Faithful Olaleru

Posted on Apr 25, 2023 • Edited on May 12, 2023

Reverse Engineering a Chatbot Project: Exploring the Integration of ChatGPT, LangChain.js, and Pinecone

#chatgpt #pinecone #langchain #nextjs

TABLE OF CONTENT

⚙️ Introduction
🧰 What You Need
🛠 Setup
📲 Ingest Data
⛓ Creating Chains
📟 Server-sent Events
📋 Conclusion
🔗 Helpful Links

⚙️ INTRODUCTION

The use of artificial intelligence (AI) and natural language processing (NLP) has revolutionized the way we interact with technology. Chatbots, in particular, have become a popular tool for businesses to provide customer support, answer inquiries, and even generate leads. However, building a chatbot that can understand natural language and respond appropriately is a complex task.

In this article, we will reverse engineer a chatbot application that was originally built to give legal advise by building our own chatbot that would do something else e.g Personal Assistant. The original project was built with ChatGPT, a state-of-the-art large language model (LLM) developed by OpenAI, LangChain.js, a JavaScript library for NLP tasks, and Pinecone, a powerful machine learning serving system. While reverse engineering this project, we will also uncover the inner workings of how these technologies interact, shed light on their capabilities, and explore the possibilities of leveraging their combined potential. So, let's dive!

🧰 WHAT YOU NEED

Npm & node installed on your PC
OpenAI API Key
Pinecone API Key, Environment name & Index name

🛠 SETUP

We will use Next.js just like the original project. So create a Next app with Typescript & Tailwind. If you not sure how to, check here.

Next we edit our tsconfig.json file so it looks just like below.

Don’t forget to set the target to “es2020”.

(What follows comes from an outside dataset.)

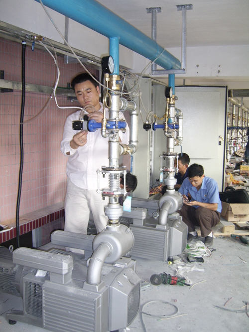 前期用的小型油式旋片真空泵,真空機老化,已經不便于維護了,后采用德國貝克大型干式真空泵,替代了多臺小型真空泵,采用干式真空泵,場地整潔, 省事,省電,省人力。

Now let’s install our node dependencies and dev-dependencies:

Langchain
@pinecone-database/pinecone
Dotenv
Pdf-parse
Tsx

Let me now describe the process. Based on our data set, we want to build a bot that can provide precise and dynamic responses. For this project, ChatGPT would employ pdf documents as the source of data for its training. We submit our data from the pdfs to pinecone, where it is kept as a vector list of floating point values. When we ask a query of the chatbot, ChatGPT asks Pinecone to return information that is most related to our inquiry. It then streams a response to us, and the cycle continues.

📲 INGEST DATA

We begin by ingesting our data to be accessible by our LLM. Create ingest-data.ts file in /src directory. Use DirectoryLoader from LangChain to get all pdfs in a directory (in our case its docs directory). PDFLoader would only get one pdf file at a time, but with DirectoryLoader, we can pick all pdfs at once. We convert them to raw documents where the pageContent is equal to the texts from the pdf. Then break the bulk texts into smaller chunks and then upload to Pinecone using OpenAIEmbeddings. OpenAIEmbedding is a model that converts text to numerical form. Your file should look like below:

import { RecursiveCharacterTextSplitter } from "langchain/text_splitter";
import { OpenAIEmbeddings } from "langchain/embeddings";
import { PineconeStore } from "langchain/vectorstores";
import { pinecone } from "@/utils/pinecone-client";
import { CustomPDFLoader } from "@/utils/customPDFLoader";
import { PINECONE_INDEX_NAME, PINECONE_NAME_SPACE } from "@/config/pinecone";
import { DirectoryLoader } from "langchain/document_loaders";

/* Name of directory to retrieve your files from */
const filePath = "src/docs";

export const run = async () => {
    try {
        /*load raw docs from the all files in the directory */
        const directoryLoader = new DirectoryLoader(filePath, {
            ".pdf": (path) => new CustomPDFLoader(path),
        });

        // const loader = new PDFLoader(filePath);
        const rawDocs = await directoryLoader.load();

        /* Split text into chunks */
        const textSplitter = new RecursiveCharacterTextSplitter({
            chunkSize: 1000,
            chunkOverlap: 200,
        });

        const docs = await textSplitter.splitDocuments(rawDocs);
        console.log("split docs", docs);

        console.log("creating vector store...");
        /*create and store the embeddings in the vectorStore*/
        const embeddings = new OpenAIEmbeddings();
        const index = pinecone.Index(PINECONE_INDEX_NAME); //change to your own index name

        //embed the PDF documents
        await PineconeStore.fromDocuments(docs, embeddings, {
            pineconeIndex: index,
            namespace: PINECONE_NAME_SPACE,
            textKey: "text",
        });
    } catch (error) {
        console.log("error", error);
        throw new Error("Failed to ingest your data");
    }
};

(async () => {
    await run();
    console.log("ingestion complete");
})();

Install pdf-parse dependent at this time if you haven't already, as it will read the contents of all of our pdf files. Check to see whether it works by importing normally. Use the workaround method from customPDFLoader.ts, which involves using the exact _pdf-parse.js file in node_modules, if you encounter issues with pdf-parse like we did. If you opt to utilize pdf-parse.js, remember to implement your module declaration.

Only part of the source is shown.